Wednesday, January 21, 2009

Jonesing for an Energy Audit

My house has an insulation problem. It doesn’t have any. If Jane and I were caught up in the terrible blackout that plagued Toronto’s west-end from January 15 to 16, our house would have transformed into a deep freezer.

For the privilege of living in a drafty house, Jane and I pay hefty utility bills and a heftier carbon toll – 3.91 tonnes to be exact or half my total greenhouse gas emissions in 2008.

Up until now we’ve focused on the ‘low-hanging fruit’ of greenhouse gas reductions, such as installing compact florescent light bulbs, hanging laundry to dry year-round, choosing local and organic produce and products, enjoying a vegetarian diet, biking and taking transit, and of course reducing, reusing and recycling. If you’ve been following my blog, you know what I’m talking about.
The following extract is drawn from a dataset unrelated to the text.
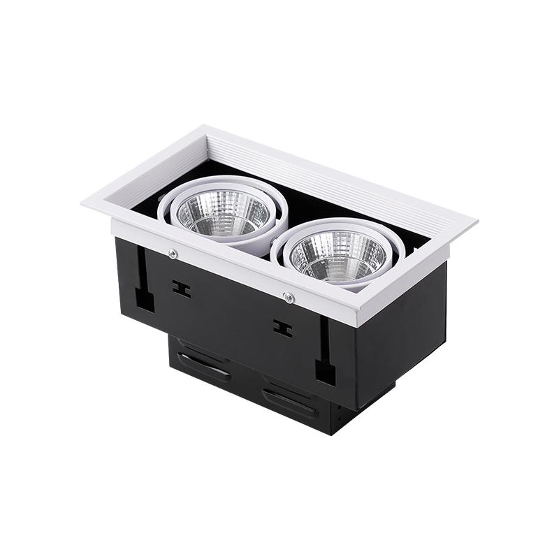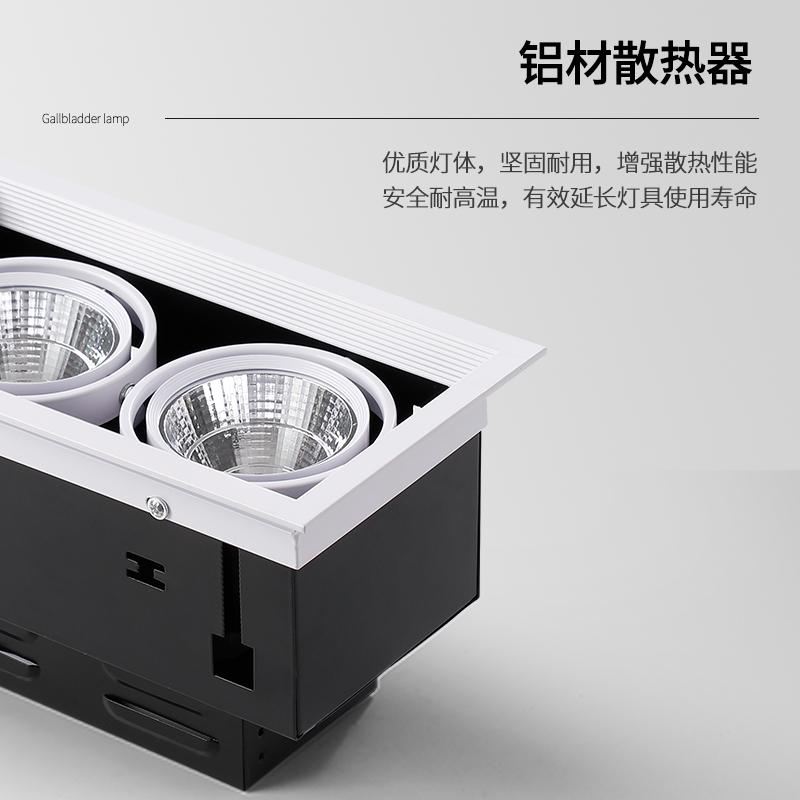 双头led斗胆灯单头三头方形射灯格栅筒灯COB豆胆灯嵌入式可调角度
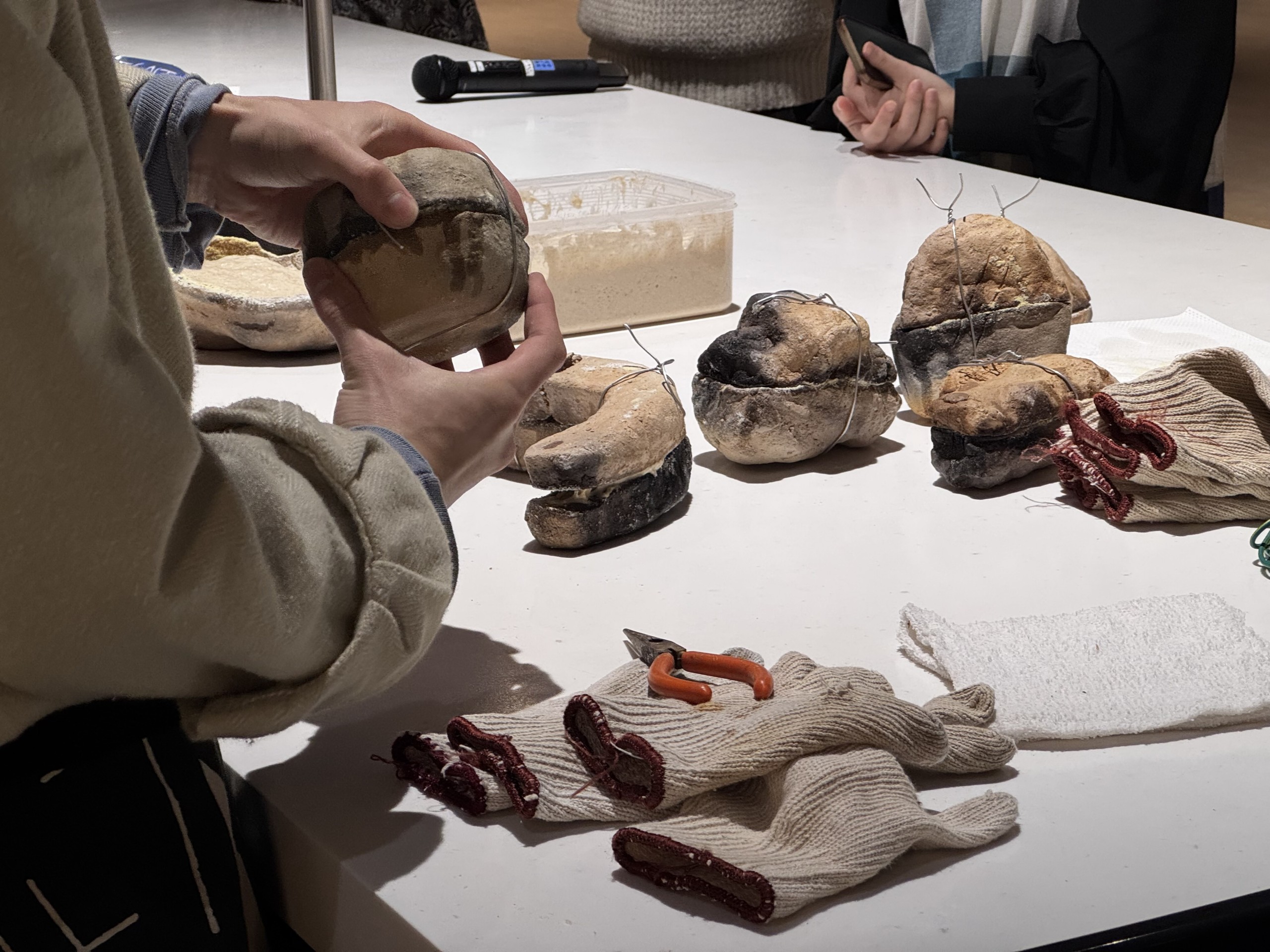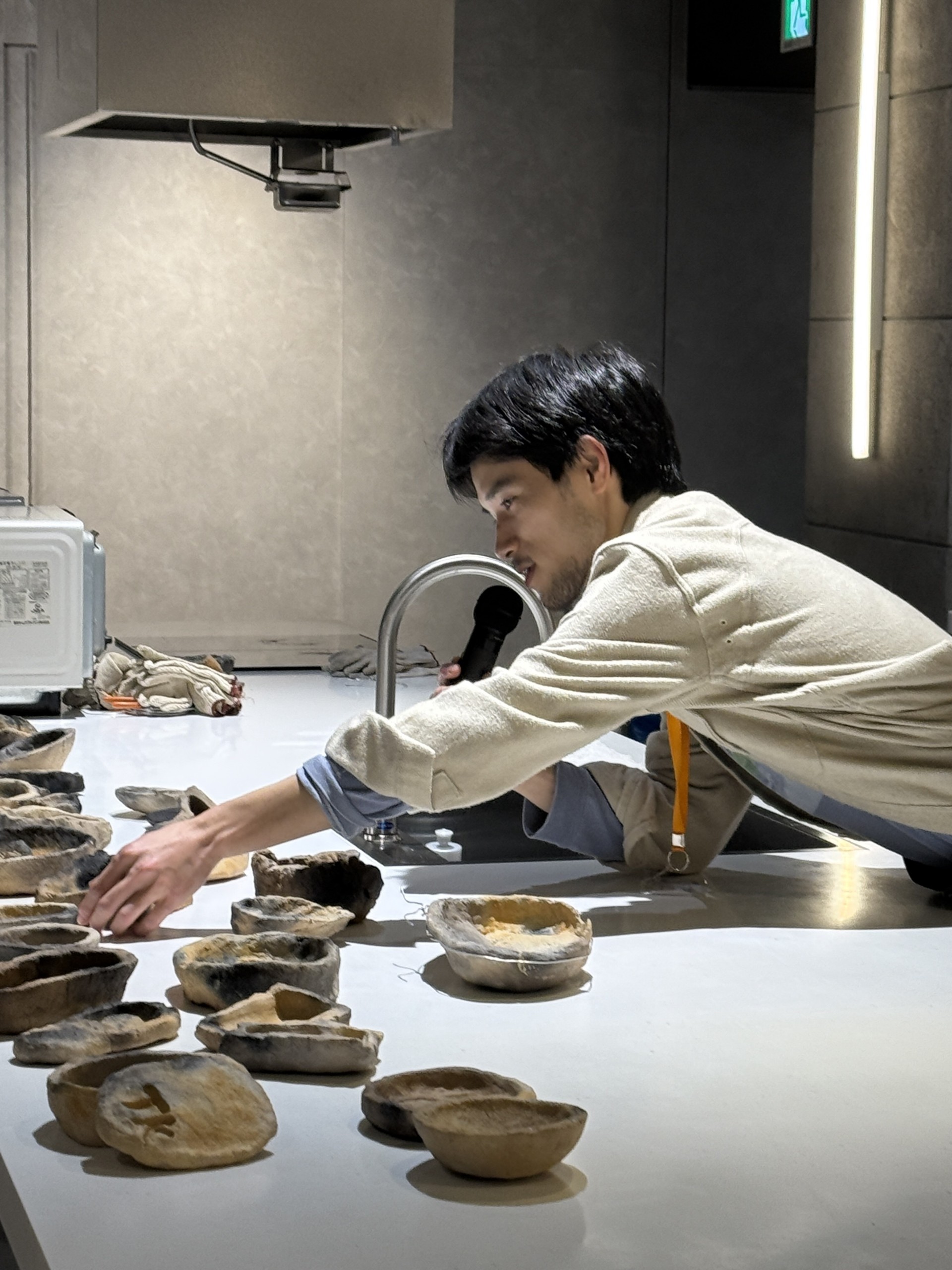 型を取った粘土を一つ一つ丁寧に整え、自分のアトリエで焼き、みんなに美味しいパンを食べてもらいたいと動き回る坂本さんの姿が目に焼き付いている。作家の人となりを知れるのもプログラムの魅力の一つだ。きっと参加者はこの体験をきっかけに、食べることの喜びや楽しみはもちろんのこと、坂本森海さんという作家の作品を、また新しい視点から味わえるようになったに違いない。(本展運営アシスタント:山下港)

Jane and I have done all we can to live lightly but we have to prepare for the next step. It’s time to get serious about calling in a home energy auditor.

Energy Audit
Solar panels and geothermal are fun and all, but first things first. Before transforming our home into an energy producer, we need to ensure that it’s not an energy drainer.

Our governments provide homeowners like Jane and me with incentives to make our houses more energy-efficient.

For my American friends, the U.S. Department of Energy currently provides financing solutions and incentives for homes and businesses. Click here to learn more. With the new administration I am sure (hope) that a more comprehensive program is to come.

Canadians have the ecoENERGY Retrofit – Homes Program, which provides rebates for home energy efficiency renovations. These are the steps to follow:
  • Call in a licensed energy auditor to evaluate the home and provide a comprehensive assessment and energy efficiency rating (between 1 and 100, with 100 being most efficient). I can only imagine what the rating of our house will be. The full cost to do so is about $300 with half that covered by the provincial government. In my case that’s Ontario. So we will pay about $150.
  • Do the work based on the auditor’s advice. The average cost to retrofit a home is $5,000. This may include insulating the attic and walls, installing energy efficient windows and doors, caulking up the cracks, etc.
  • After the work is done, or 18 months have passed, call in the auditor again for a final assessment. Based on your rating – and how much it’s improved – the federal and provincial governments will provide up to $5,000 in rebates. Check your provincial government for how much they are willing to kick in. In Ontario, it’s up to $5,000.

Financial Assistance and Incentives
Retrofits require money upfront. Jane and I have been working with our Mortgage Broker Bonnie Smith at Invis about securing a Home Equity Line of Credit with the institution that handles our mortgage. The timing is good due to the current low interest rates. This way we will increase home comfort – and possibly home value - while decreasing utility costs. The government rebates will help offset the overall retrofit price. In addition, Canada Mortgage and Housing Corporation (CMHC), and Genworth Financial Canada offer a 10 percent refund on mortgage loan insurance premiums when a borrower buys or builds an energy-efficient home or makes energy-saving renovations to an existing home.

TD Bank has pioneered the Green Mortgage and Green Home Equity Line of Credit. Jane and I plan to fold our loan in with our current mortgage, otherwise we’d contact TD.

I will keep you posted on our progress.